YOUR ASSIGNMENT
Begin at the line containing "Далі міський голова" and restate it and each line after it exactly, up to and including the last line below. Leave pictures out.

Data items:
>>

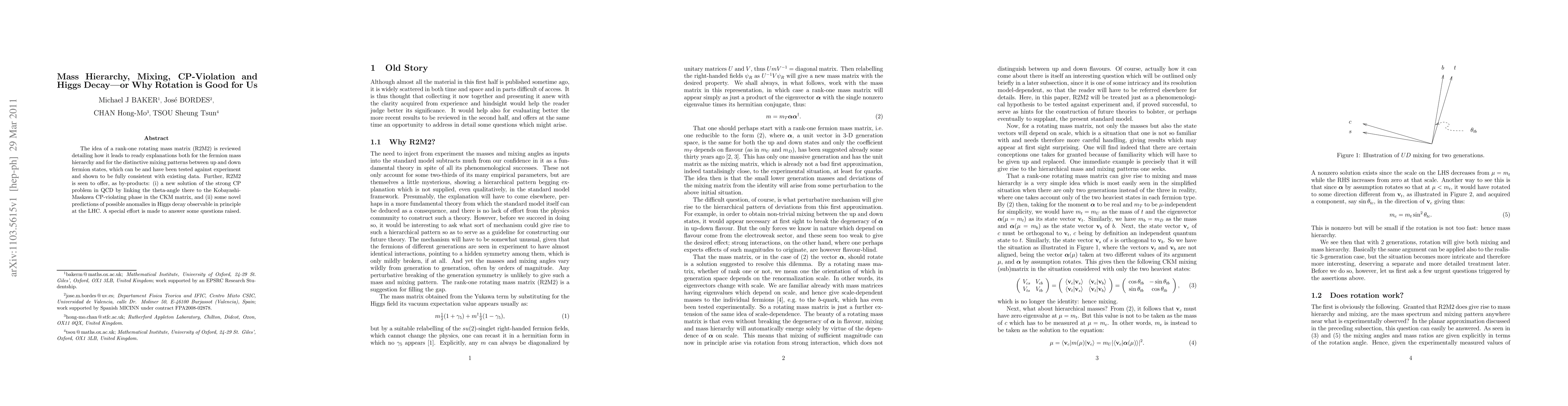 The idea of a rank-one rotating mass matrix (R2M2) is reviewed detailing how it leads to ready explanations both for the fermion mass hierarchy and for the distinctive mixing patterns between up and down fermion states, which can be and have been tested against experiment and shown to be fully consistent with existing data. Further, R2M2 is seen to offer, as by-products: (i) a new solution of the strong CP problem in QCD by linking the theta-angle there to the Kobayashi-Maskawa CP-violating phase in the CKM matrix, and (ii) some novel predictions of possible anomalies in Higgs decay observable in principle at the LHC. A special effort is made to answer some questions raised.
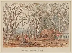 A watercolor painting by Seth Eastman of a sugar camp, most likely Dakota near Fort Snelling
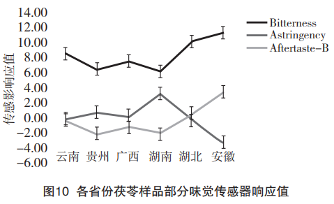 茯苓味覺信息的雷達圖分析可知,茯苓甜味顯著,但各產地之間差異不顯著。各產地的茯苓樣品味覺值的差異主要集中在苦味、澀味和苦味的回味上。因此,選擇苦味、澀味、苦味的回味進行分析探討產地之間的差異,結果如圖10所示。由圖可知,湖北和安徽的茯苓樣品苦味和苦味的回味都顯著高于長江以南——云南、貴州、廣西、湖南的茯苓樣品,且湖北和安徽的茯苓樣品苦味的回味在無味點0以上,長江以南的樣品苦味的回味都在無味點以下。對于澀味,長江以北的茯苓澀味在無味點以下,而長江以南的茯苓澀味都在人的無味點以上。
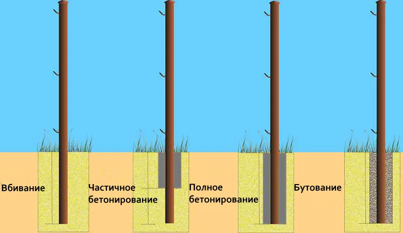 Установка забора из сетки рабицы возможна с бетонированием столбов полным или частичным, c вбиванием столбов в землю, с бутованием.
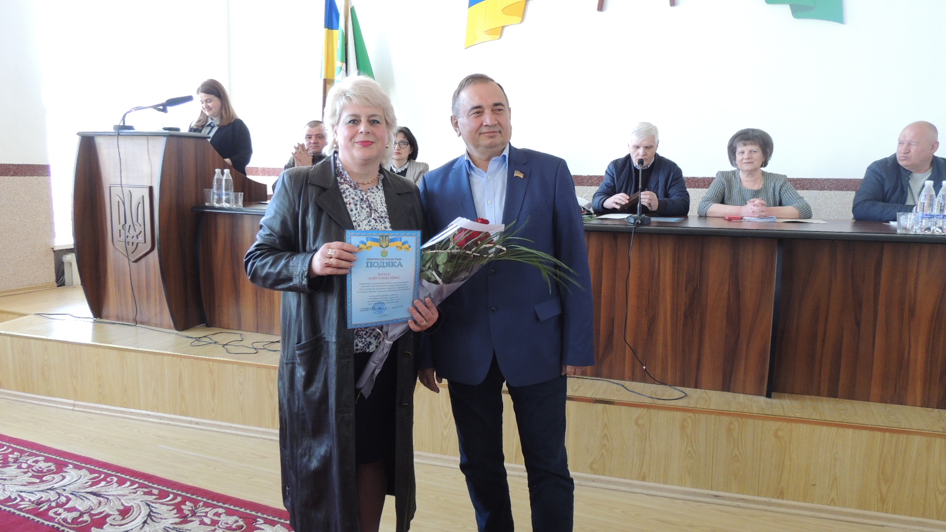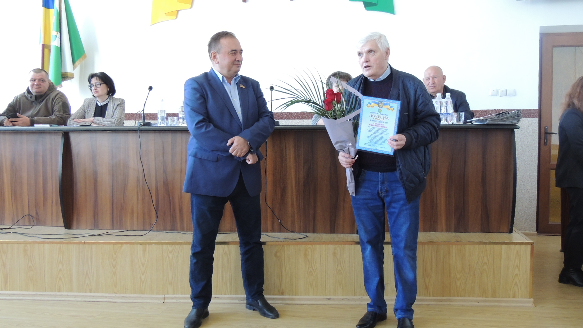 Далі міський голова Василь Козак з нагоди ювілейних днів народжень вручив Почесні грамоти Сокирянської міської ради та подякував за багаторічну сумлінну працю Галині Іванівні Пленгей – директору Сокирянського комунального госпрозрахункового підприємства «Профдезінфекція»; Валерію Михайловичу Степаненку – депутату міської ради та директору опорного закладу «Романковецький ліцей ім. академіка К.Ф. Поповича» та Лідії Олексіївні Козак – заступнику начальника відділу обслуговування громадян №2 управління обслуговування громадян ГУ Пенсійного фонду України в Чернівецькій області.
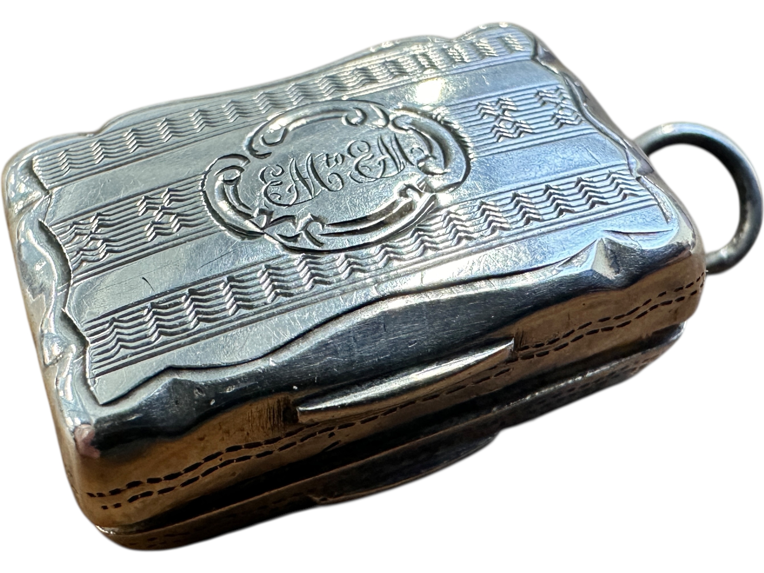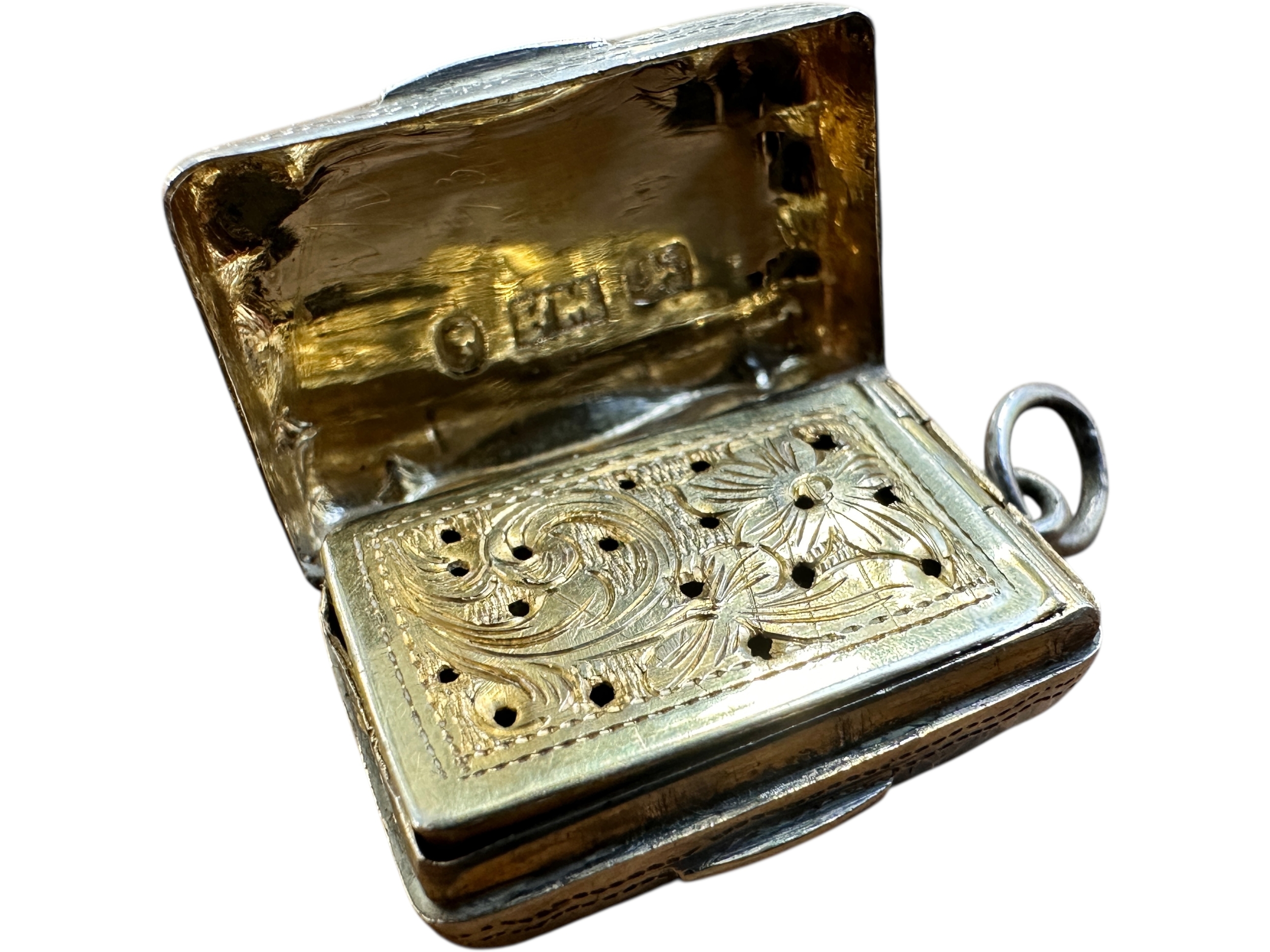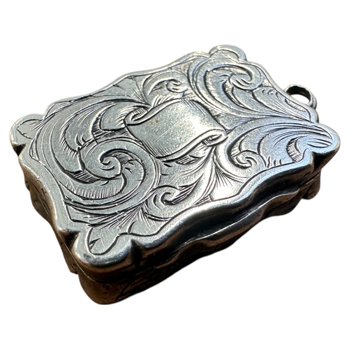 Victorian Silver Vinaigrette, Birmingham 1856 by Frederick Marson. 6.74g. Cartouche Inscription 'EM to EM'

<<

RESPONSE FOR THIS EXERCISE
 Далі міський голова Василь Козак з нагоди ювілейних днів народжень вручив Почесні грамоти Сокирянської міської ради та подякував за багаторічну сумлінну працю Галині Іванівні Пленгей – директору Сокирянського комунального госпрозрахункового підприємства «Профдезінфекція»; Валерію Михайловичу Степаненку – депутату міської ради та директору опорного закладу «Романковецький ліцей ім. академіка К.Ф. Поповича» та Лідії Олексіївні Козак – заступнику начальника відділу обслуговування громадян №2 управління обслуговування громадян ГУ Пенсійного фонду України в Чернівецькій області.
 Victorian Silver Vinaigrette, Birmingham 1856 by Frederick Marson. 6.74g. Cartouche Inscription 'EM to EM'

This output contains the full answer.